- _Dataset excerpts_:
_ _ _
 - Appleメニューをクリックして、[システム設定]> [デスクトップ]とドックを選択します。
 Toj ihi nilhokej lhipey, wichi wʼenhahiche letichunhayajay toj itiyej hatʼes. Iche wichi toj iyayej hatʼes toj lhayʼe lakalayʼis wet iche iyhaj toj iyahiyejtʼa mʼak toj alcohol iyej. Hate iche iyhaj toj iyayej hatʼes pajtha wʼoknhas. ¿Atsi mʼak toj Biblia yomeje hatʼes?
_ _ _
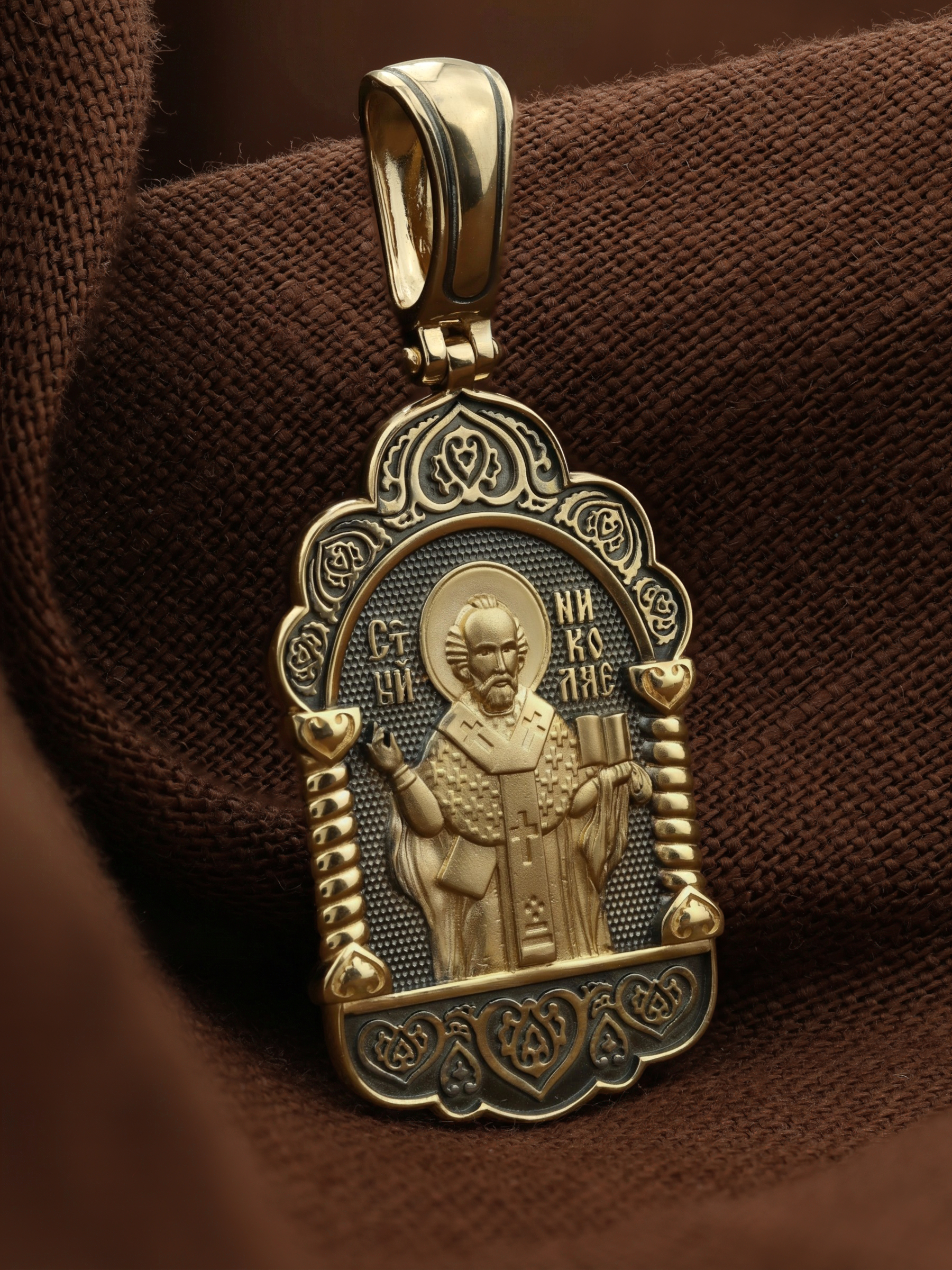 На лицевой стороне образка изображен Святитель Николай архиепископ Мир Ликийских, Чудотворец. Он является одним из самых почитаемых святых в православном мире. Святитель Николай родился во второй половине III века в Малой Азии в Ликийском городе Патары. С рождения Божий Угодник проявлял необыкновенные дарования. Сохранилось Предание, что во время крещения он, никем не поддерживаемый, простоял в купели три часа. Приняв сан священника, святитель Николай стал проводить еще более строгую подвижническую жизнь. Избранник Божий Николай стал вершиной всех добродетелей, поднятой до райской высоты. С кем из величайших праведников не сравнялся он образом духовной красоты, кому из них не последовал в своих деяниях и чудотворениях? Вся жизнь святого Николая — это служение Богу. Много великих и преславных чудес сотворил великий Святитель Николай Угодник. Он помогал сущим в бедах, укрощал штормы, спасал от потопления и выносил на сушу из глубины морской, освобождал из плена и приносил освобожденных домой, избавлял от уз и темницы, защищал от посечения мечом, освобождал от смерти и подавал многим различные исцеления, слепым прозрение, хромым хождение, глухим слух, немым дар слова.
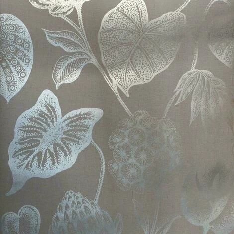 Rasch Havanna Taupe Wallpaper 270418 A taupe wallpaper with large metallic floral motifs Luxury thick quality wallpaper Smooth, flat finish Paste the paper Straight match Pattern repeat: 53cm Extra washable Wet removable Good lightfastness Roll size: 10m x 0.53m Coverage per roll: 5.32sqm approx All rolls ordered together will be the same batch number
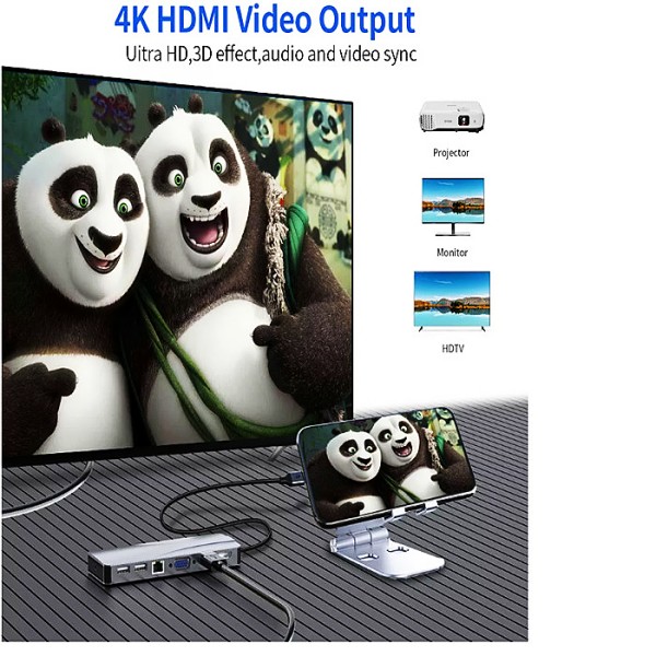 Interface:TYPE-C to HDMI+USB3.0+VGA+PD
_ _ _
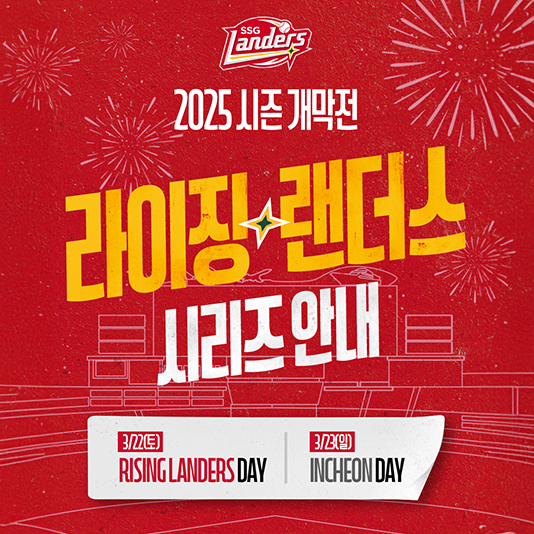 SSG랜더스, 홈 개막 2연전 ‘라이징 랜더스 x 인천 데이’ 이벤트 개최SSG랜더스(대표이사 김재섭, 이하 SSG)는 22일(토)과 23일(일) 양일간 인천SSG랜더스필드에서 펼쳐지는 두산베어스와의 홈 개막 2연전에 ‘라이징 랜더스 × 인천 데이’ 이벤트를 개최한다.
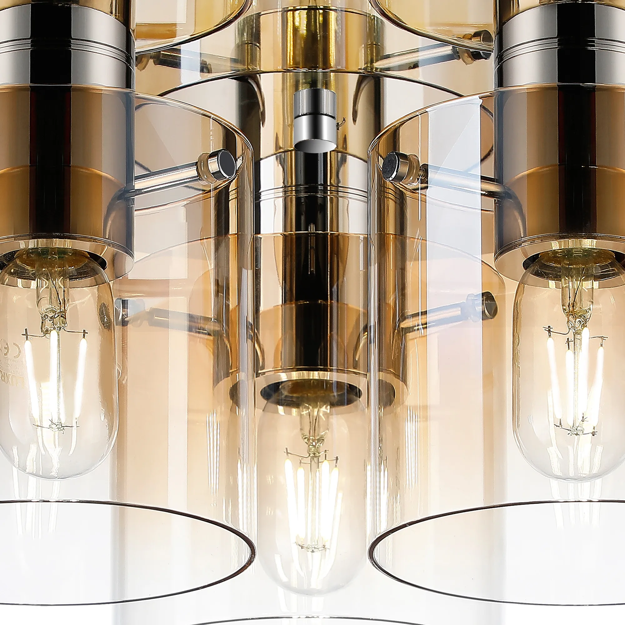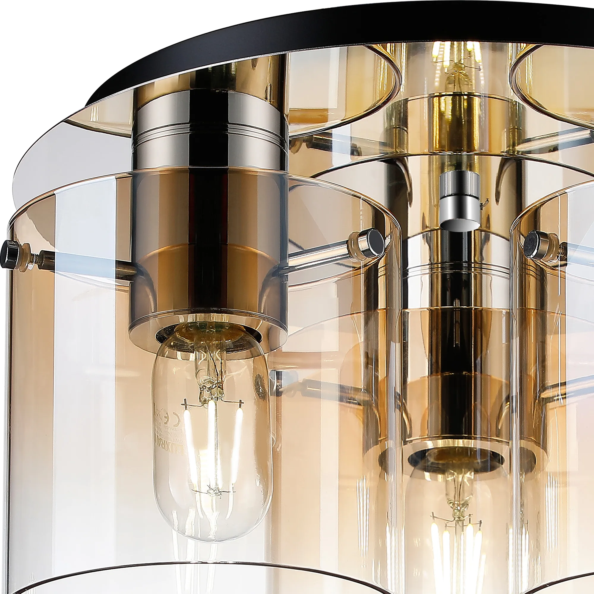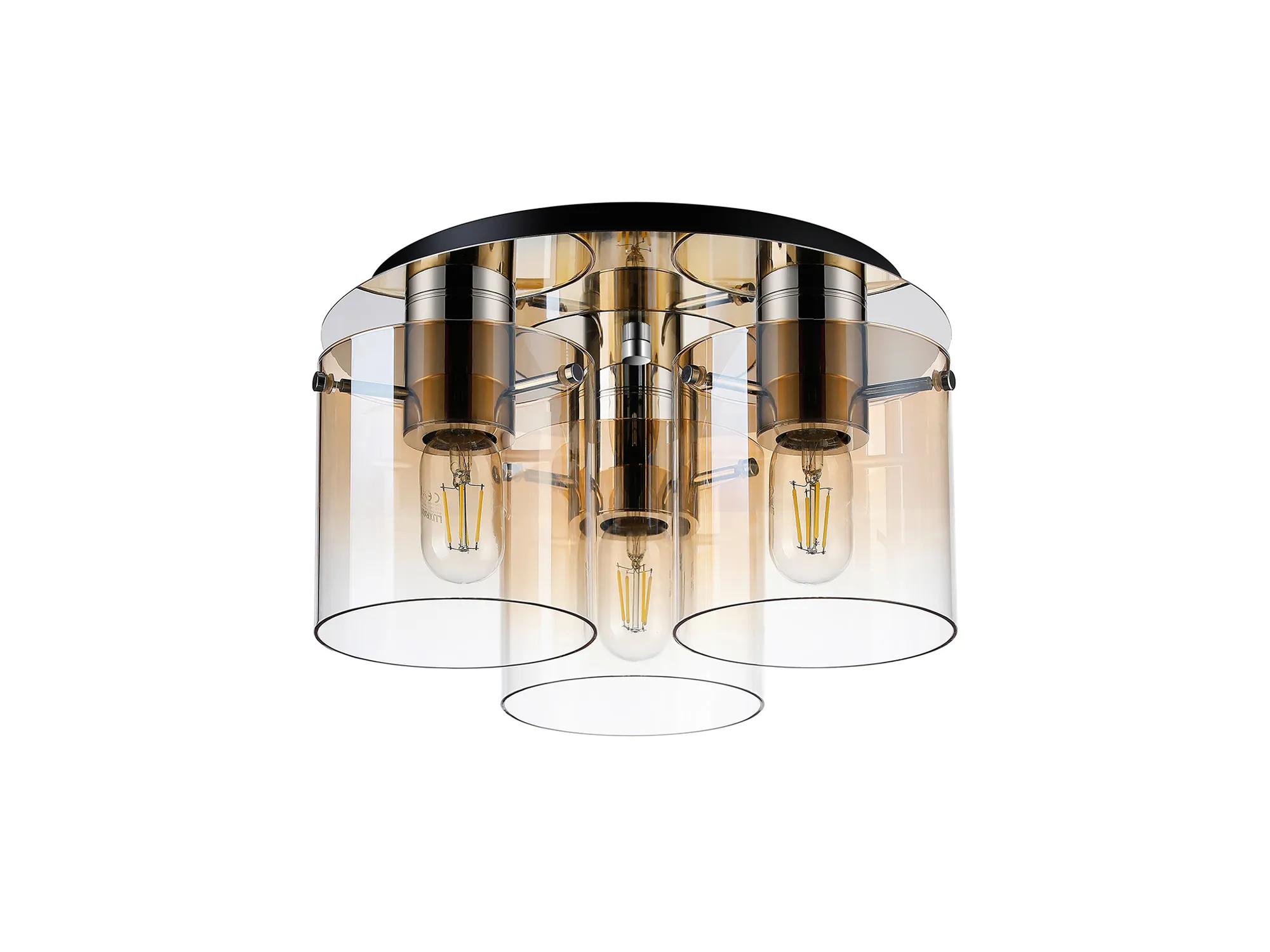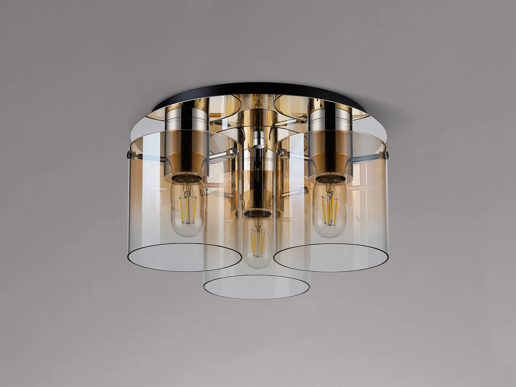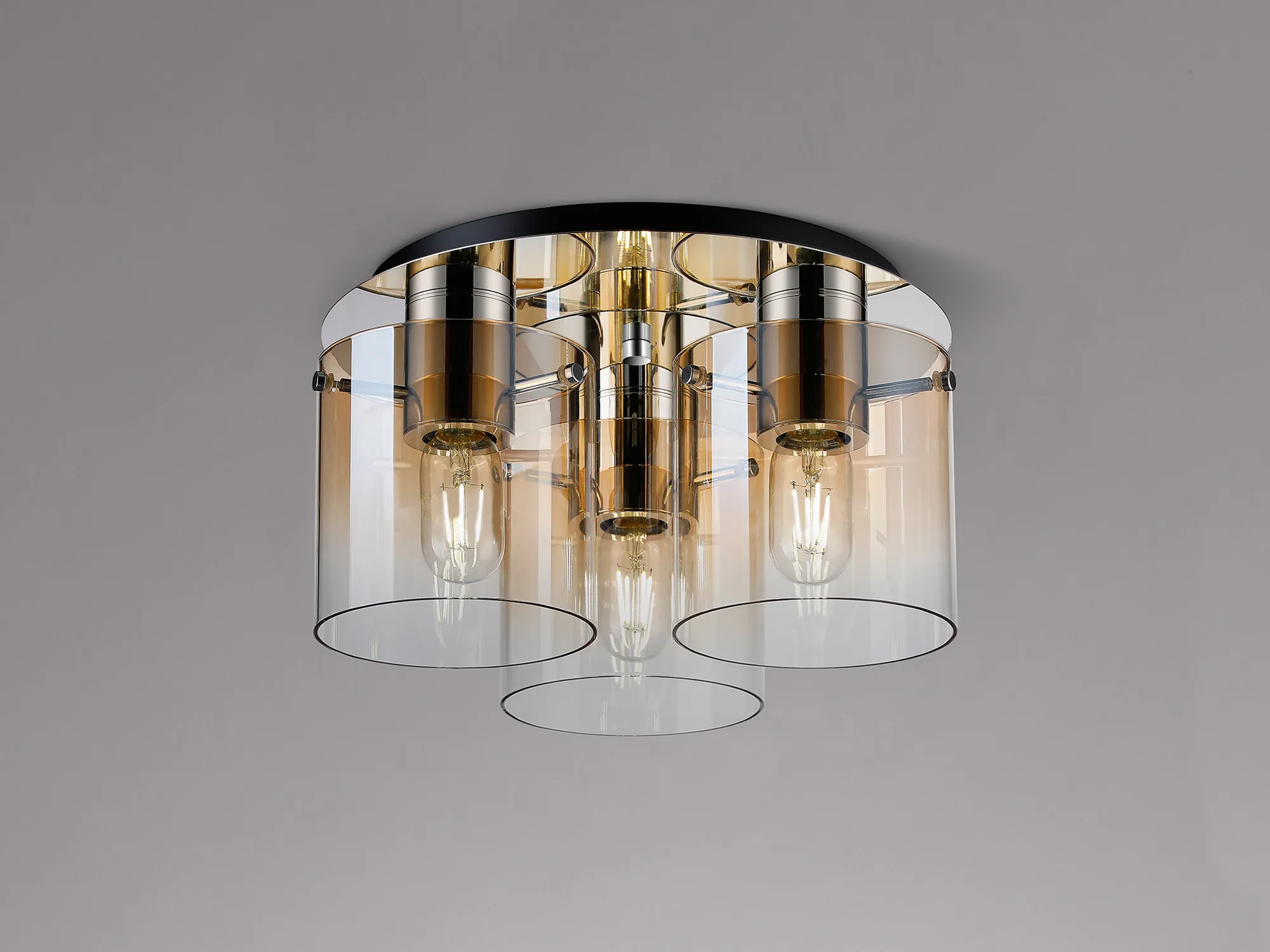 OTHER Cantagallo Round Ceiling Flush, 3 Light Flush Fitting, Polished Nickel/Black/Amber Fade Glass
_ _ _
- _Exercise prompt_: Set down precisely the lines above between the line holding "- Appleメニューをクリックして、[システム設定]> [デスクトップ]とドックを選択します。" and the line holding "Toj ihi nilhokej", inclusive, and nothing beyond them.

- _Completed exercise_:
 - Appleメニューをクリックして、[システム設定]> [デスクトップ]とドックを選択します。
 Toj ihi nilhokej lhipey, wichi wʼenhahiche letichunhayajay toj itiyej hatʼes. Iche wichi toj iyayej hatʼes toj lhayʼe lakalayʼis wet iche iyhaj toj iyahiyejtʼa mʼak toj alcohol iyej. Hate iche iyhaj toj iyayej hatʼes pajtha wʼoknhas. ¿Atsi mʼak toj Biblia yomeje hatʼes?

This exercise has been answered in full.